Information provided.
********

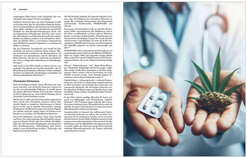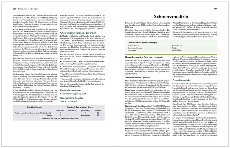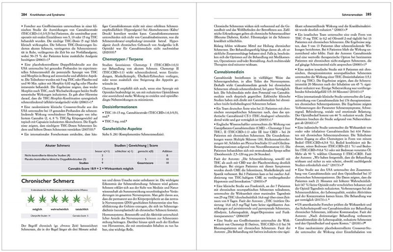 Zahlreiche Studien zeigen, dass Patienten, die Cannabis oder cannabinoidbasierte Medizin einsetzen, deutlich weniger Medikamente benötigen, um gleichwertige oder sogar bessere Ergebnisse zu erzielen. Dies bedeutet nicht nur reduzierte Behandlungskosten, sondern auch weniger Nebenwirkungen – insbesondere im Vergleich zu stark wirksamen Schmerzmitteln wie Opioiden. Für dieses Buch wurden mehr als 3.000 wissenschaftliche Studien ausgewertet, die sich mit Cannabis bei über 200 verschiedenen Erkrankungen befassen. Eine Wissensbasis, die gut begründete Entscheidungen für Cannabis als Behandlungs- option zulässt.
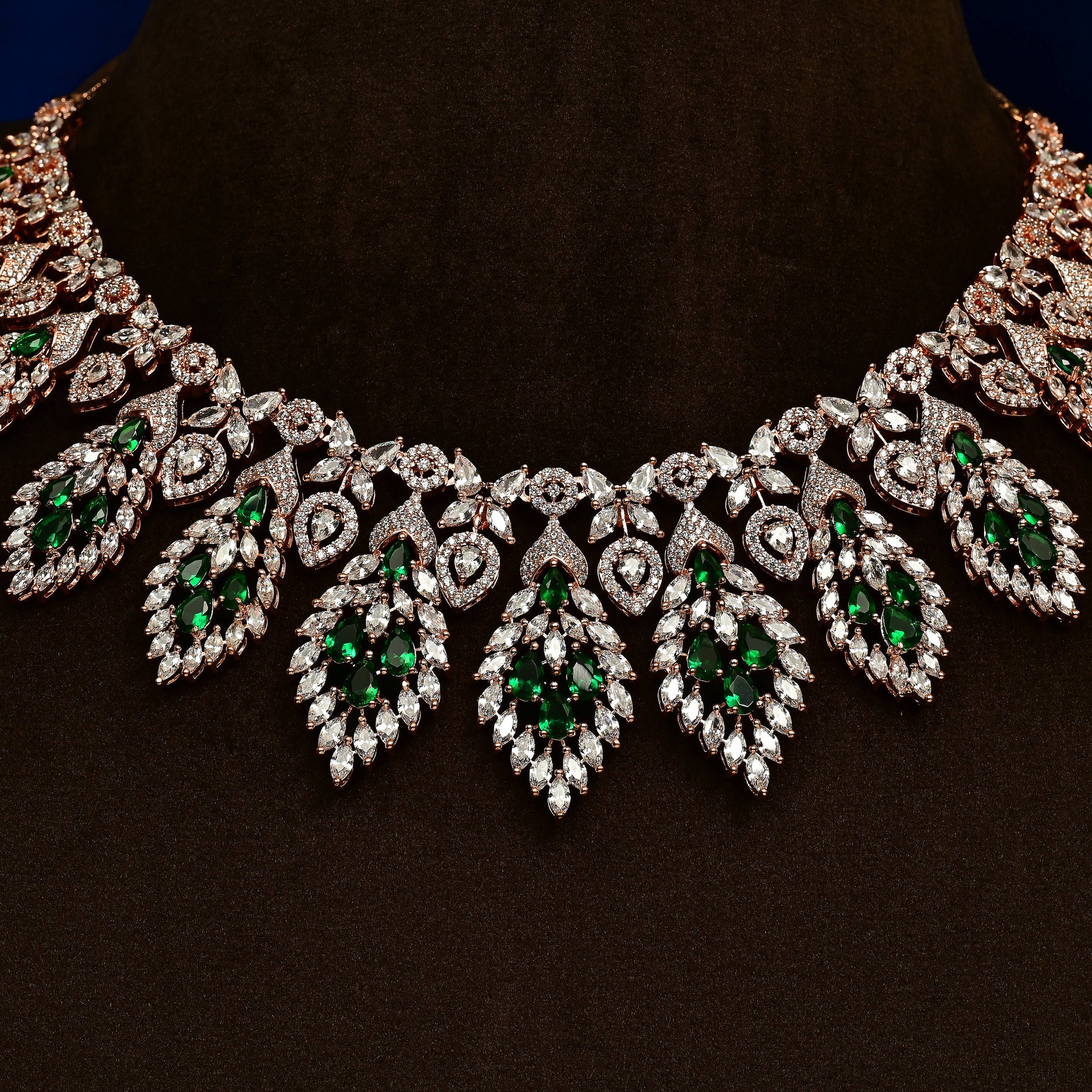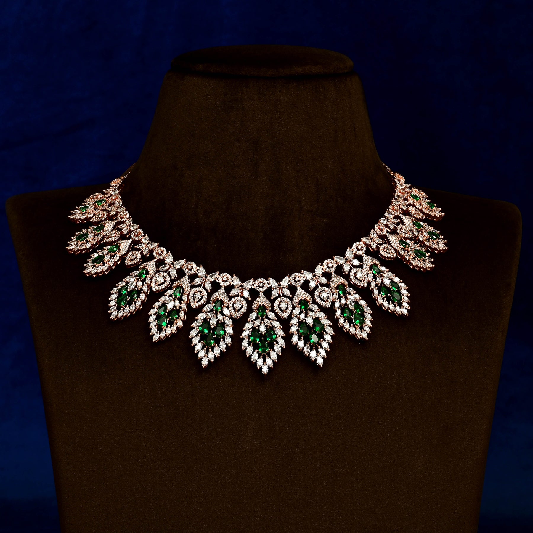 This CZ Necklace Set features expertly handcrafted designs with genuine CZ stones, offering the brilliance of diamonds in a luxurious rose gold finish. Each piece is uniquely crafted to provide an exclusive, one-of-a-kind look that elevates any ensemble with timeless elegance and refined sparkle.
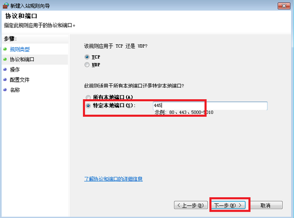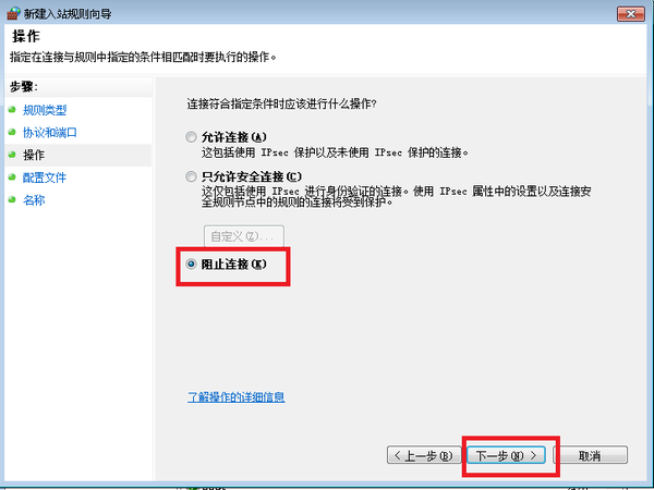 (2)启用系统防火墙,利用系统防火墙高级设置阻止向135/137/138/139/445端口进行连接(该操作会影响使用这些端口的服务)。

********

What you have to do.
Write out all of the data above exactly, pictures excluded.

Answer to this problem.
 Zahlreiche Studien zeigen, dass Patienten, die Cannabis oder cannabinoidbasierte Medizin einsetzen, deutlich weniger Medikamente benötigen, um gleichwertige oder sogar bessere Ergebnisse zu erzielen. Dies bedeutet nicht nur reduzierte Behandlungskosten, sondern auch weniger Nebenwirkungen – insbesondere im Vergleich zu stark wirksamen Schmerzmitteln wie Opioiden. Für dieses Buch wurden mehr als 3.000 wissenschaftliche Studien ausgewertet, die sich mit Cannabis bei über 200 verschiedenen Erkrankungen befassen. Eine Wissensbasis, die gut begründete Entscheidungen für Cannabis als Behandlungs- option zulässt.
 This CZ Necklace Set features expertly handcrafted designs with genuine CZ stones, offering the brilliance of diamonds in a luxurious rose gold finish. Each piece is uniquely crafted to provide an exclusive, one-of-a-kind look that elevates any ensemble with timeless elegance and refined sparkle.
 (2)启用系统防火墙,利用系统防火墙高级设置阻止向135/137/138/139/445端口进行连接(该操作会影响使用这些端口的服务)。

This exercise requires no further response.